The Senate on December 2, 2017, passed its version of the Tax Cuts and Jobs Act (TCJA) by a vote of 51-49. This is another key step toward passage of this comprehensive tax legislation by year-end. However, the final Senate bill continues to differ from the tax bill passed by the House in mid-November.
Although both plans continue to keep the research and development tax credit in place, changes in the tax code will require some additional planning for taxpayers currently claiming or those planning on claiming the R&D tax credit and the Orphan Drug Tax Credit.
Orphan Drug Tax Credit
As it currently stands, the House proposes to repeal the Orphan Drug tax credit in its entirety whereas the Senate proposes to reduce the credit from 50 percent to 27.5 percent of the qualified clinical testing expenditures for the taxable year.
The Senate version would also allow taxpayers to elect a reduced credit in lieu of reducing otherwise allowable deductions in a manner similar to the R&D tax credit under section 280C.

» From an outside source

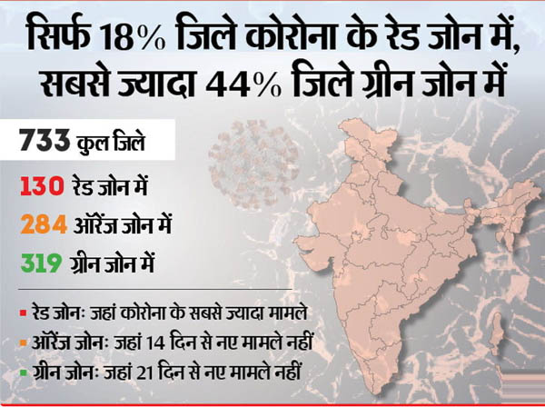 - रेड जोन यानी जहां कोरोना के मामले सबसे ज्यादा, ग्रीन जोन यानी जहां 21 दिन से नए मामले नहीं आए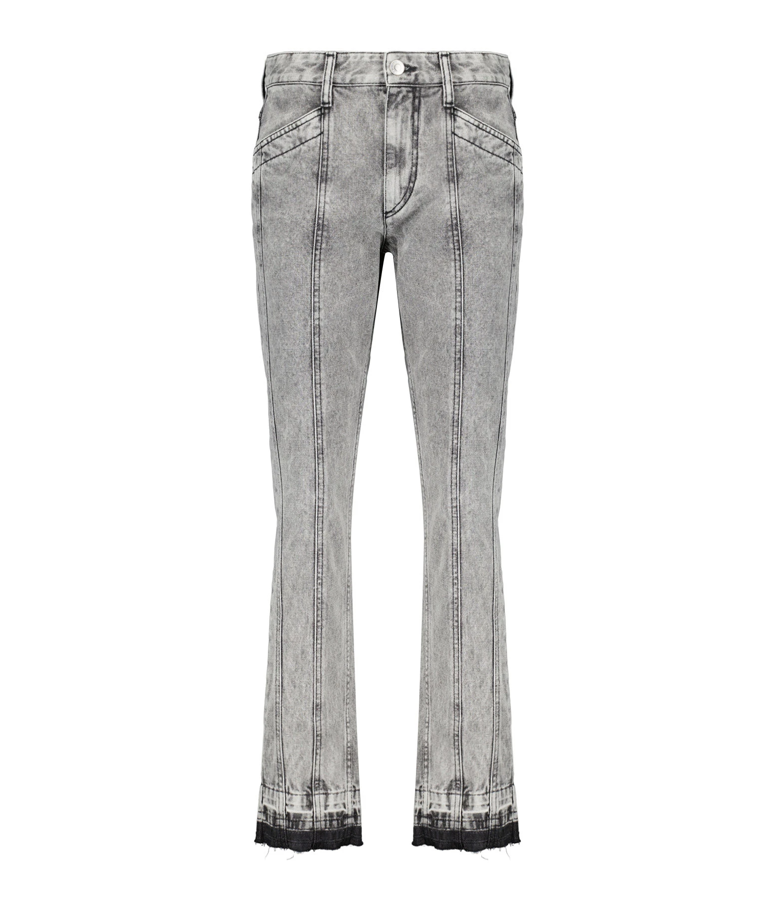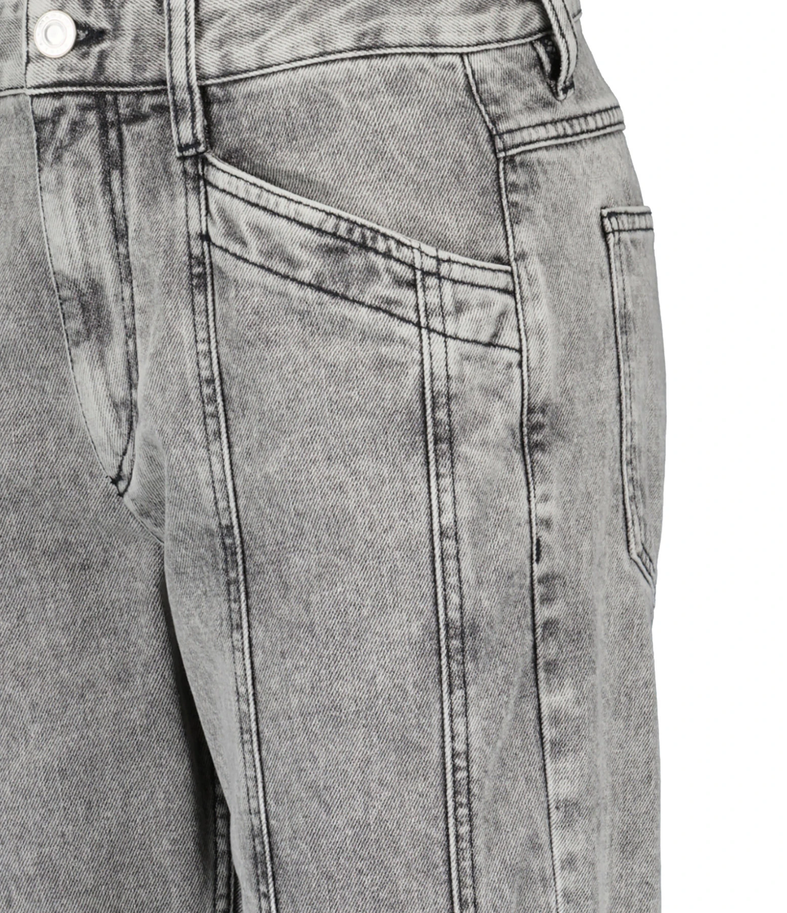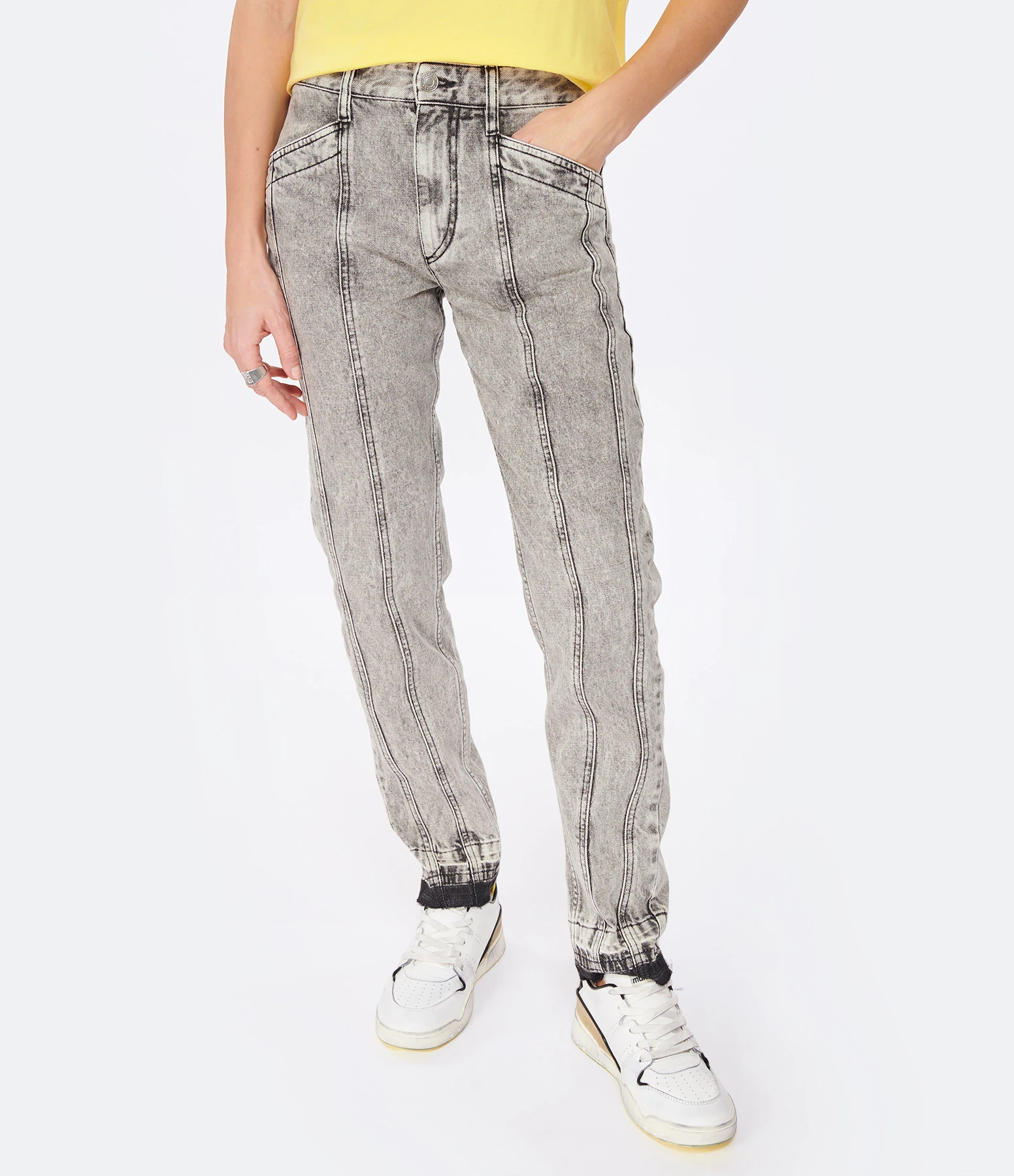 Pantalon en denim de coton gris. Passants pour ceinture. Braguette zippée et bouton métallique argenté. Deux poches italiennes. Deux poches plaquées dans le dos. Coupe droite. Base droite coupée à cru.

Under either proposal, orphan drug developers stand to lose all or a portion of a significant tax incentive that helps lower the cost of their development programs.
Alternative Minimum Tax
Prior to the final approved Senate version, both the House and the Senate Finance Committee proposed to repeal the corporate AMT. However, the bill ultimately passed by the Senate leaves the AMT in place.
Presently, the R&D tax credit cannot be used to offset a company’s AMT liability (except in the case of an eligible small business). If repealed, the AMT would no longer serve as a barrier for companies to realize the R&D tax credit benefit.
However, if it is not repealed, the barrier will stand and it would essentially nullify the R&D tax credit for many other companies since the proposed corporate rate of 20 percent could drive many companies into an AMT position.
Once appointed, the Joint Conference Committee is responsible for negotiating a final tax bill. The final version must be approved by both the House and Senate before it can be sent to the President for review.
Although the Senate bill would retain the AMT, there is support by senior members of both parties to repeal it in the final approved legislation. It is expected to be a top priority in the conference. The Committee is expected to meet this week.